Open the frontend URL, paste your API keys and a Bluesky post URL, and watch the explanation stream in real-time.

Key Design Decisions

Engineering trade-offs and rationale

Why Hexagonal Architecture?

Enables swapping any component (search engine, LLM provider, reranker) without touching domain logic. Critical for a system that depends on multiple third-party APIs that may change or fail.

Why SSE over WebSockets?

The data flow is unidirectional (server → client). SSE is simpler, works natively with HTTP/2, auto-reconnects, and doesn't require a persistent bidirectional connection.

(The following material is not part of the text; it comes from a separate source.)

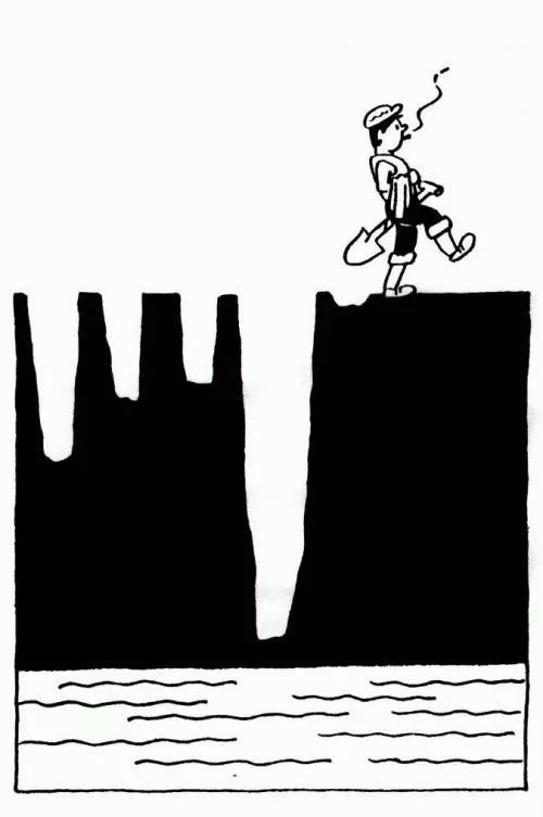 画中人拿着一把铁锹不停地在挖水井,他挖了无数口水井,但是每一口水井他都没有挖到头,他永远也不可能喝到水。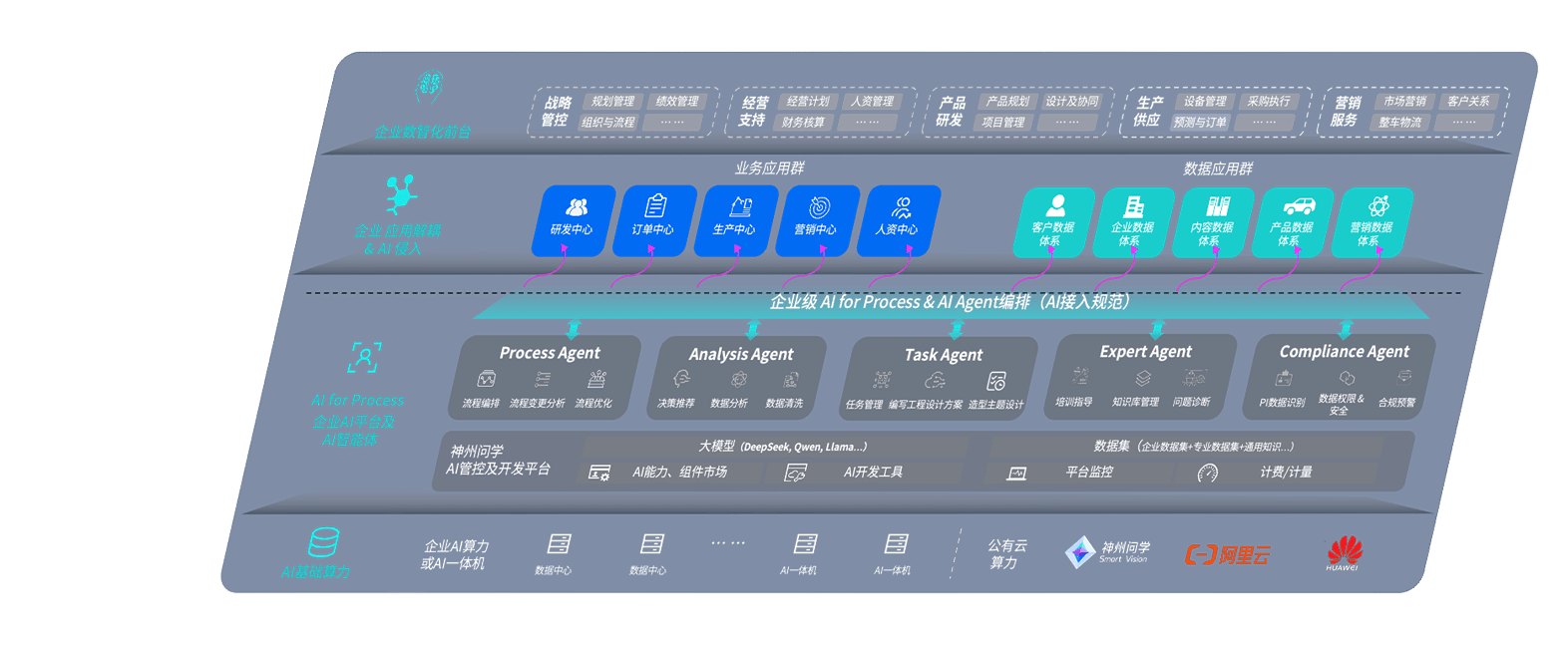 威斯尼斯wns888问学智车解决方案是一套基于AI技术的汽车行业智能化系统,,,覆盖从底层算力到顶层AI应用的全栈方案。。。方案由算力层、、模型层和应用层组成:算力层,,,,方案支持多种一体机配置,,,,具备云端灵活部署、、、、多云适配以及动态优化计算资源的能力;模型层,,威斯尼斯wns888问学平台版提供了企业级AI应用一站式构建与管理平台,,,,支持基于后训练强化技术的汽车企业专属模型的训练、、、评测和运营;应用层,,,威斯尼斯wns888问学DeepSeek版提供包括超级员工、、、、智能招采、、、、智能营销、、、智能客服、、、AI for BI等一系列解决方案,,可助力汽车行业实现数字化转型,,,让管理更智能、、响应更敏捷。。。

Why Cross-Encoder Reranking?

Search APIs return keyword-relevant results, but not always semantically relevant to the post's intent. The cross-encoder reranks by actual meaning overlap, significantly improving explanation quality.

Why Multi-LLM Routing?

No single LLM provider guarantees 100% uptime. Routing provides resilience, cost optimization (use cheaper models when quality is sufficient), and flexibility to adopt better models as they release.

Why Local Query Rewriter Option?

Qwen2.5-0.5B runs on CPU with no API cost. Useful for development, testing, and environments with limited API budgets. Quality is lower but acceptable for most posts.